(Dataset entries)

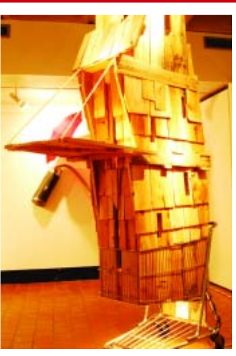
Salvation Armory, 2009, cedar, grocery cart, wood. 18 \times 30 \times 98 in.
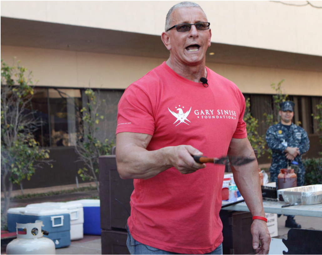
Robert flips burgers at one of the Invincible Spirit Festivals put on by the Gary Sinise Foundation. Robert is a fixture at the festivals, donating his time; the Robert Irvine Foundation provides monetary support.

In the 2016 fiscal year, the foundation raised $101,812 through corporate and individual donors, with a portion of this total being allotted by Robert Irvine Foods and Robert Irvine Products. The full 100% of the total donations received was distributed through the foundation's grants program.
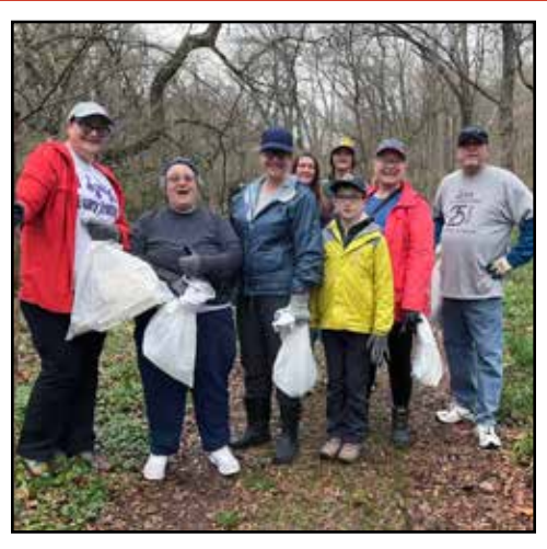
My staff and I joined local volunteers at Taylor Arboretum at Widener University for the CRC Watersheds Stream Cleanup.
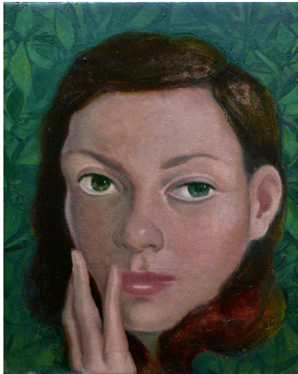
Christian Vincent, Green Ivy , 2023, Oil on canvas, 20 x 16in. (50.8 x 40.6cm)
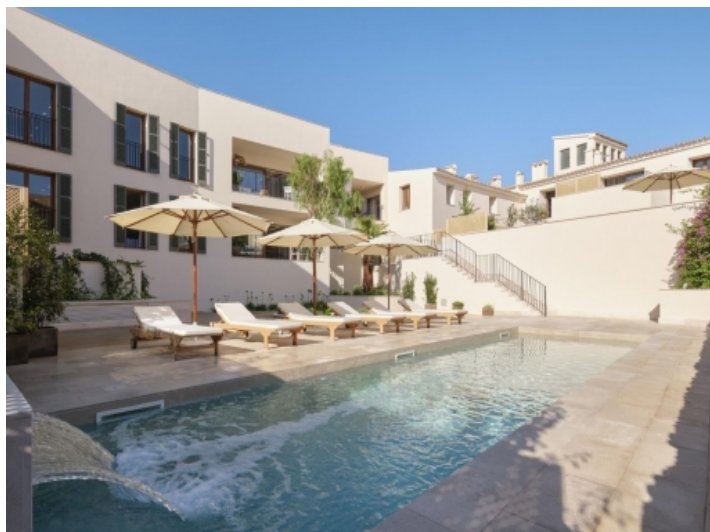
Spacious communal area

--

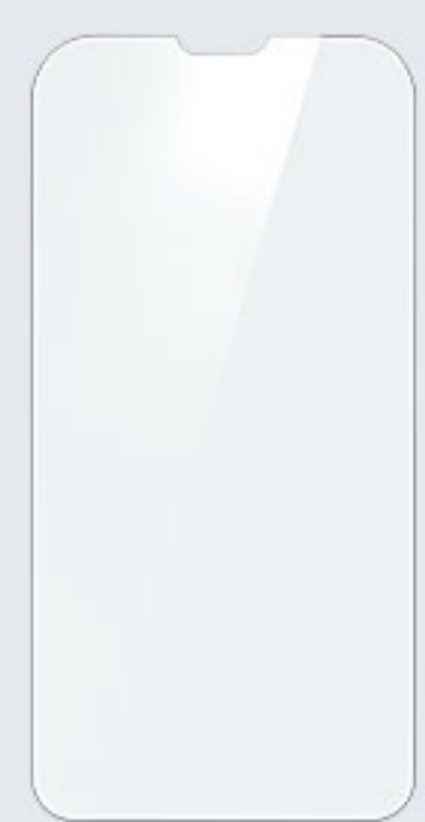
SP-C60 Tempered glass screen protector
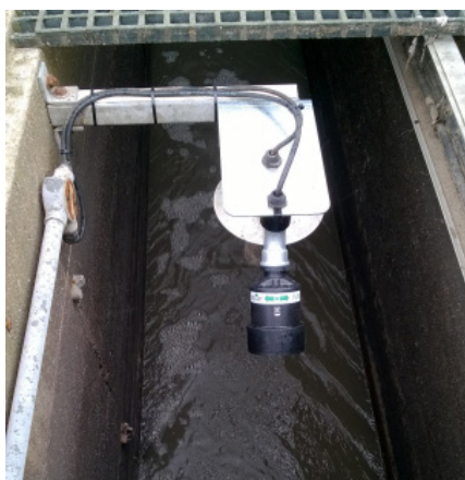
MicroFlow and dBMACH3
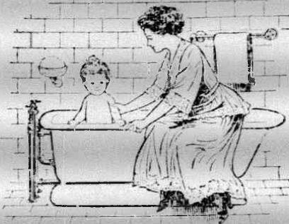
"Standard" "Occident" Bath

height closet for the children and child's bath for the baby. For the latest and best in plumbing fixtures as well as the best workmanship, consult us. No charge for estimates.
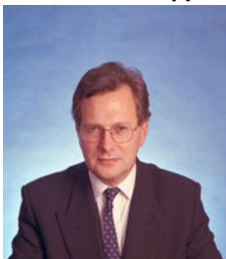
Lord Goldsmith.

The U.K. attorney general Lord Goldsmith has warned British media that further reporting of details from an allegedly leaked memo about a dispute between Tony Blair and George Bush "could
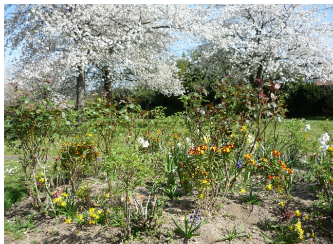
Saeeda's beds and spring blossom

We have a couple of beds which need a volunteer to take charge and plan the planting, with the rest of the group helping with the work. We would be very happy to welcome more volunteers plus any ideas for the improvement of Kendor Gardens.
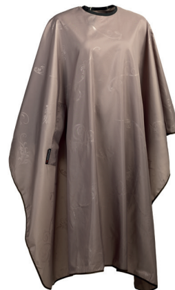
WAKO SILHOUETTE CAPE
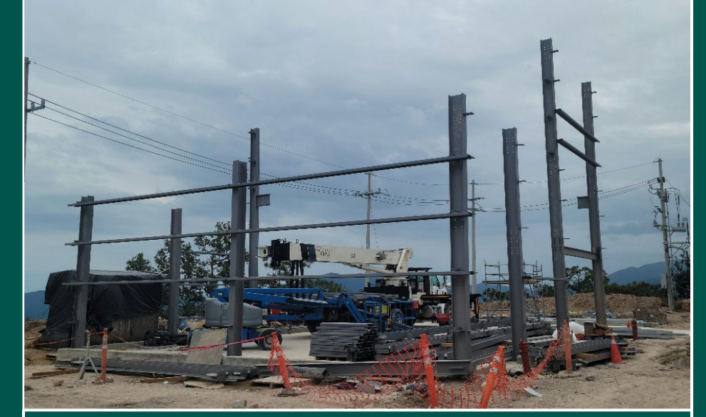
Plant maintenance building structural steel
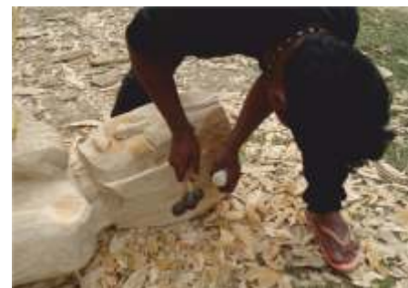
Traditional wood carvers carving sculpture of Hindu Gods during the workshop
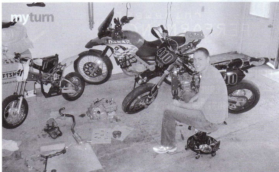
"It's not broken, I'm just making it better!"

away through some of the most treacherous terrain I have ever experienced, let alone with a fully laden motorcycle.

**Task to carry out:** Check the lines above for the word "volunteers" and give the number of lines where it appears, with no other text.

**Answer below:** 2